On October 15, 1986, the NLCS returned to the Astrodome for the deciding games of the best of seven series. Never a place the Mets enjoyed playing, the team's all-time record at the park was 54-90 through the '86 season and with the 'Stros carrying a three-run lead into the ninth inning of Game Six, it seemed like the Mets were doomed for another defeat on the green plastic carpet of the Harris County Domed Stadium. With 1986 Cy Young Award winner Mike Scott taking the mound for Houston in Game Seven, there was feeling among Mets players that a loss would lead to elimination the next day.
Lenny Dykstra opened the ninth with a triple. Mookie Wilson brought him home with a single. A Kevin Mitchell grounder moved Mook to second and he easily scored from there on Keith Hernandez's double one batter later. A pair of walks from Astros reliever Dave Smith loaded the bases for Ray Knight who tied the game with a sacrifice fly.
The Eastern and Western Division champions traded zeroes for the next five innings. Roger McDowell allowed just one hit to the fifteen batters he faced while Wally Backman put the sinkerballer in line for a series-ending win with an RBI single in the top of the 14th. McDowell's co-closer Jesse Orosco couldn't keep it that way, though.
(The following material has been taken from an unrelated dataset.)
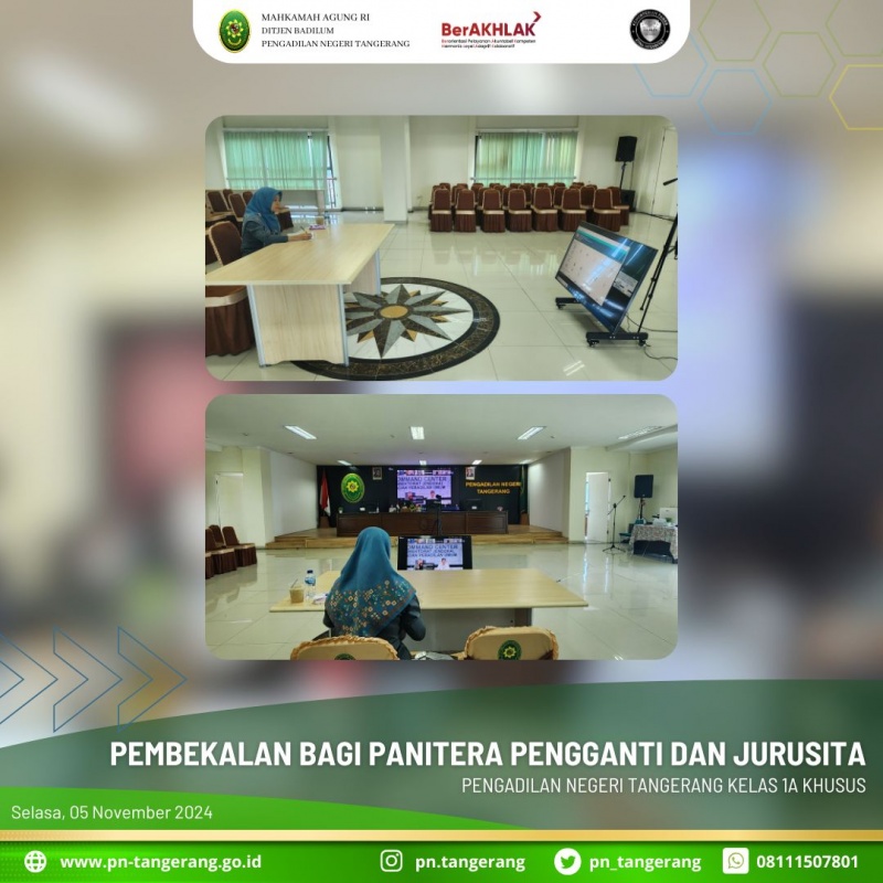 Berdasarkan surat dari Ditjen Badilum Nomor : 780/DJU.2/DL1.10/X/2024 , maka pada Selasa(05/11) diadakan kegiatan pembekalan bagi Panitera, Panitera Muda, Panitera Pengganti dan Jurusita di Lingkungan Direktorat Jendral Peradilan Umum MA-RI.

With one out in the bottom of the frame, Billy Hatcher made it anyone's ball game once again by pulling a fastball into the left field foul pole netting for a home run. Orosco settled down after that, keeping the Astros off the board for an inning and two-thirds via strikeouts and infield outs.
In the 16th, the Mets plated three runs on two RBI hits and a wild pitch. They'd need every one of them, as Houston rallied yet again. Three singles from Bill Doran, Billy Hatcher, and Glenn Davis brought Kevin Bass to the plate with the tying and winning runs on the corners. Bass worked the count full, but Keith Hernandez, acting as team captain, fan surrogate, and all-around badass, threatened to knock out Orosco if he threw another fastball to the patient outfielder. The lefty listened, broke off a nasty breaking ball, and Bass swung over it. Thus ends the story of how the Mets punched their ticket for a third trip to the World Series.
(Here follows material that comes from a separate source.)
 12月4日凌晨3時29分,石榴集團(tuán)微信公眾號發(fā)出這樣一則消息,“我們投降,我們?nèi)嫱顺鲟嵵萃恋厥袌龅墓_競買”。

Lou Klimchock is 73 years old today. Klimchock made five pinch hitting appearances for the Mets in 1966 and went down swinging in three of them. In the other two, he popped out to short and grounded into a double play.
Game of Note
One day after Tommie Agee raced from gap to gap, robbing the Orioles of extra-base hits to left and right, Ron Swoboda added another amazing catch to the Mets' highlight reel in Game Four of the 1969 World Series. With Orioles on first and third and one out in the top of the ninth, Brooks Robinson smashed a sinking line drive that seemed certain to fall outside of Swoboda's range. The burly outfielder surprised everyone, including himself, by breaking on the ball perfectly and swooping in, body fully extended, for a diving grab. Aesthetics aside, the catch went in the box score as a game-tying sacrifice fly, though the Mets would win it 2-1 in the tenth when J.C. Martin's sac bunt attempt turned into a walk-off error.
Amazin'-ly Tenuous Connection
Seventy-three years ago today, the City of New York held a ceremony to dedicate what Time called "the most pretentious land and seaplane base in the world." Known then as Municipal Airport, today named for the mayor who made it happen, La Guardia has been the Mets' next door neighbor since the team moved out to Flushing in 1964. Jets don't soar over Citi Field's airspace nearly as often as they did Shea's, so fans are have to make their own deafening, opponent-distracting roars these days.